BEGIN RECORD SET

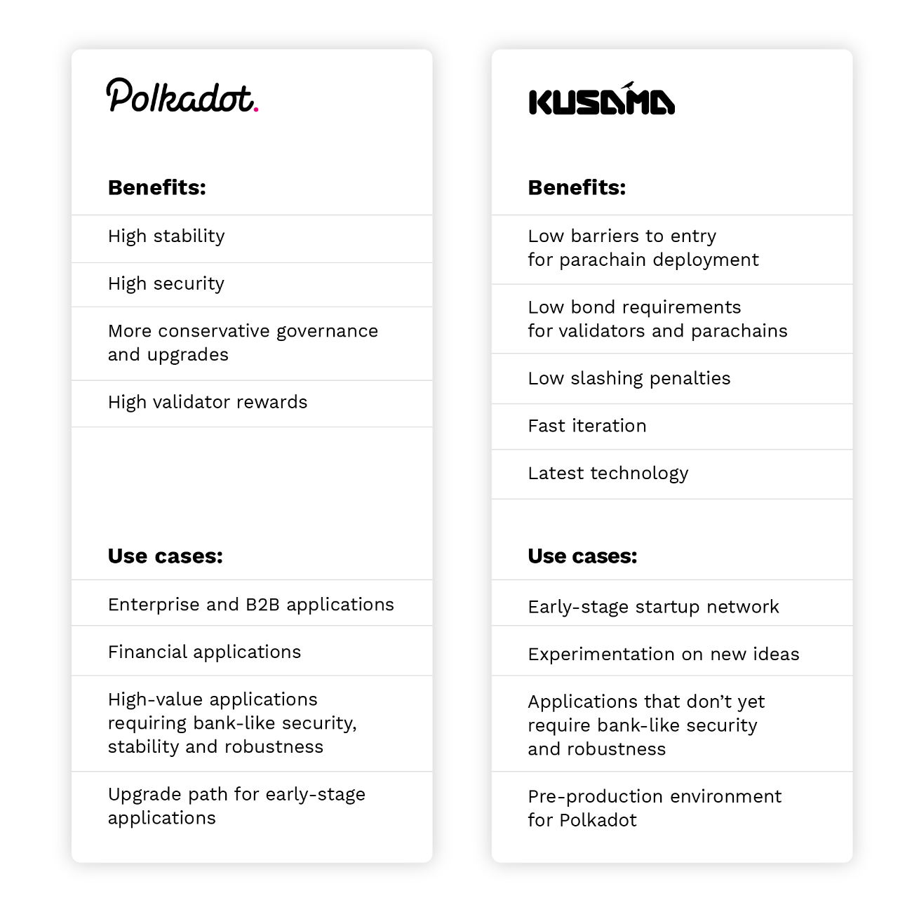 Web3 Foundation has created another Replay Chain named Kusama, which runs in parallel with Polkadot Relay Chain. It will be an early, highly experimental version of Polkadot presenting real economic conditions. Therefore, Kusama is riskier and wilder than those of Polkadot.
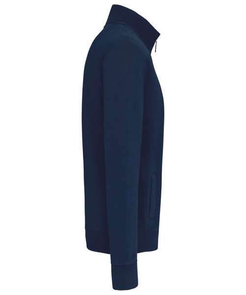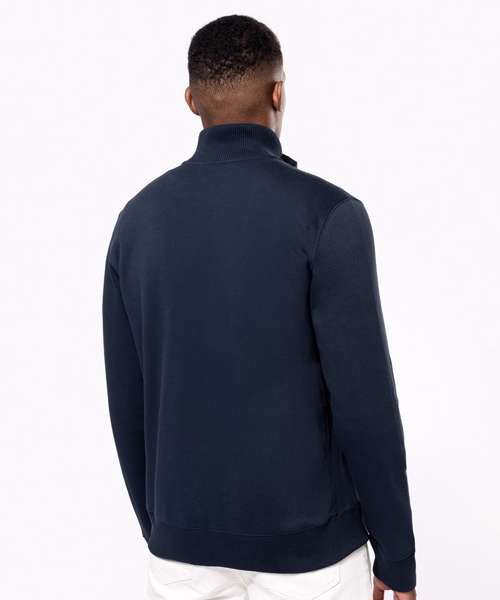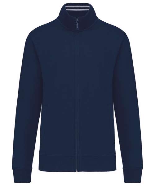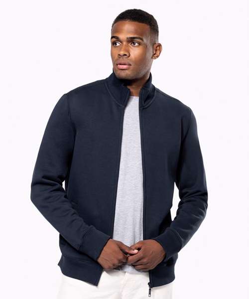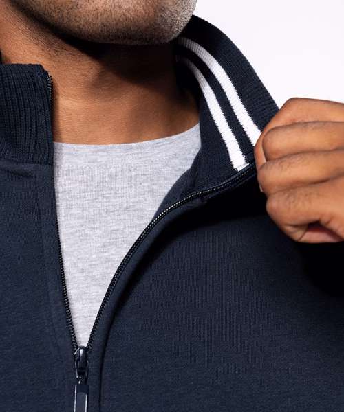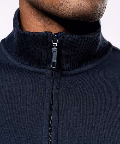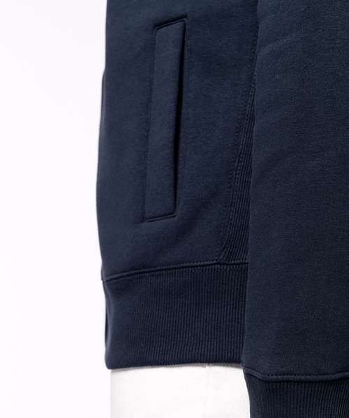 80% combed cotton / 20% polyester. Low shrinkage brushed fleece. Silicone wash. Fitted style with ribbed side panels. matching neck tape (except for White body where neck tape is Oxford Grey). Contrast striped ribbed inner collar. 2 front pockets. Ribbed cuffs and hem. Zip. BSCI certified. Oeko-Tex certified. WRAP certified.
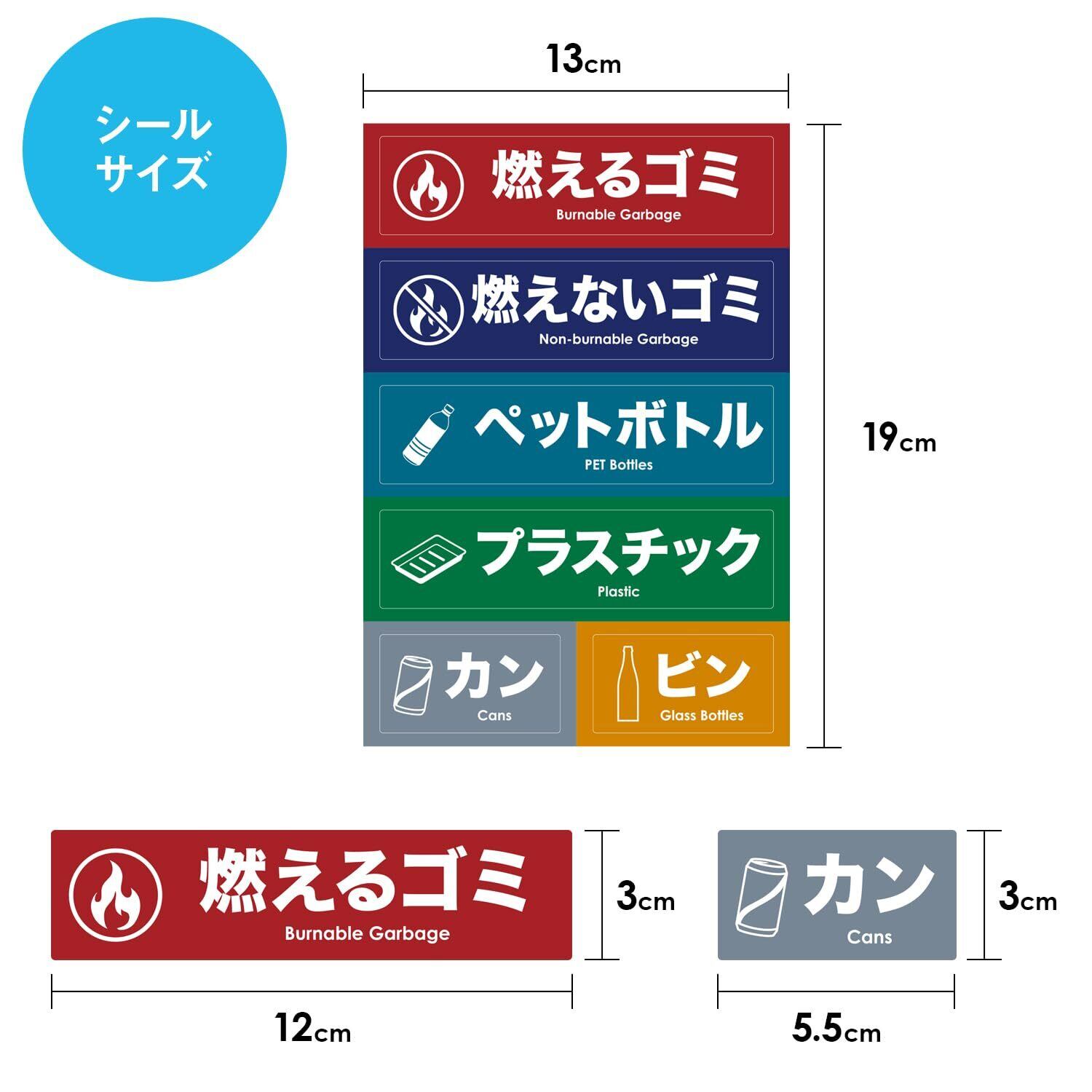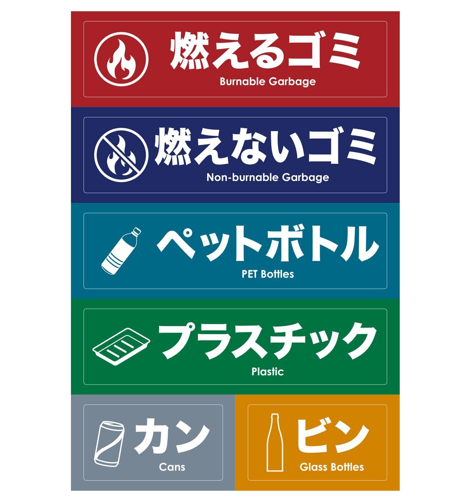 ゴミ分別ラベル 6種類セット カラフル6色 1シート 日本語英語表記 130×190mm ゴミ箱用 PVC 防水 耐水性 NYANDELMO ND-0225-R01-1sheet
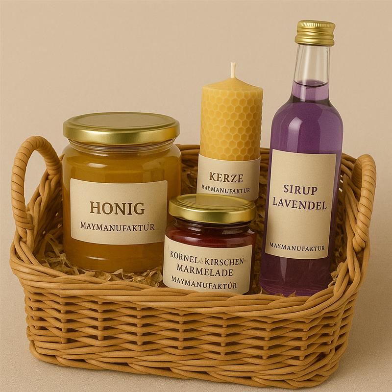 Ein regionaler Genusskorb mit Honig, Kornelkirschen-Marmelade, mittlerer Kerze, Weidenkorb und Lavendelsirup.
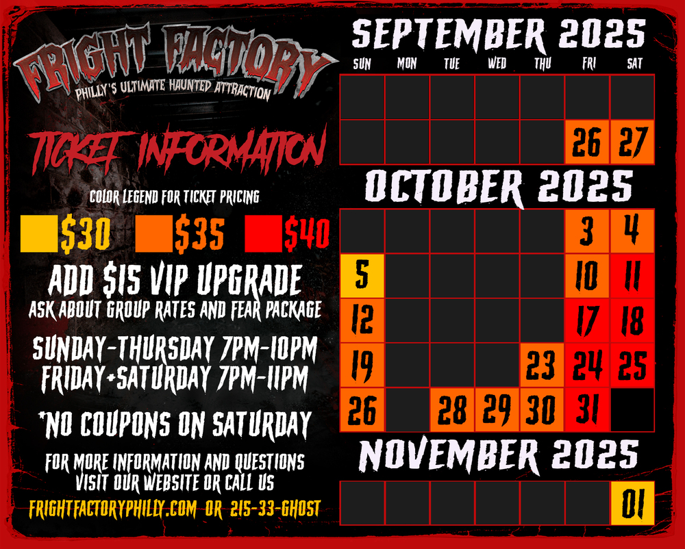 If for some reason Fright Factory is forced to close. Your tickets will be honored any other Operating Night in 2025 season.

END RECORD SET
BEGIN RECORD SET

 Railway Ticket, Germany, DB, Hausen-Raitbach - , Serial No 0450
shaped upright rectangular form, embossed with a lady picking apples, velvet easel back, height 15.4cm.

END RECORD SET

■ **YOUR GOAL**: Quote the data above exactly from the line with "80% combed cotton" to the line with "If for some", both ends counted, and nothing else. Pictures don't go in.

■ **WRITTEN ANSWER**:
 80% combed cotton / 20% polyester. Low shrinkage brushed fleece. Silicone wash. Fitted style with ribbed side panels. matching neck tape (except for White body where neck tape is Oxford Grey). Contrast striped ribbed inner collar. 2 front pockets. Ribbed cuffs and hem. Zip. BSCI certified. Oeko-Tex certified. WRAP certified.
 ゴミ分別ラベル 6種類セット カラフル6色 1シート 日本語英語表記 130×190mm ゴミ箱用 PVC 防水 耐水性 NYANDELMO ND-0225-R01-1sheet
 Ein regionaler Genusskorb mit Honig, Kornelkirschen-Marmelade, mittlerer Kerze, Weidenkorb und Lavendelsirup.
 If for some reason Fright Factory is forced to close. Your tickets will be honored any other Operating Night in 2025 season.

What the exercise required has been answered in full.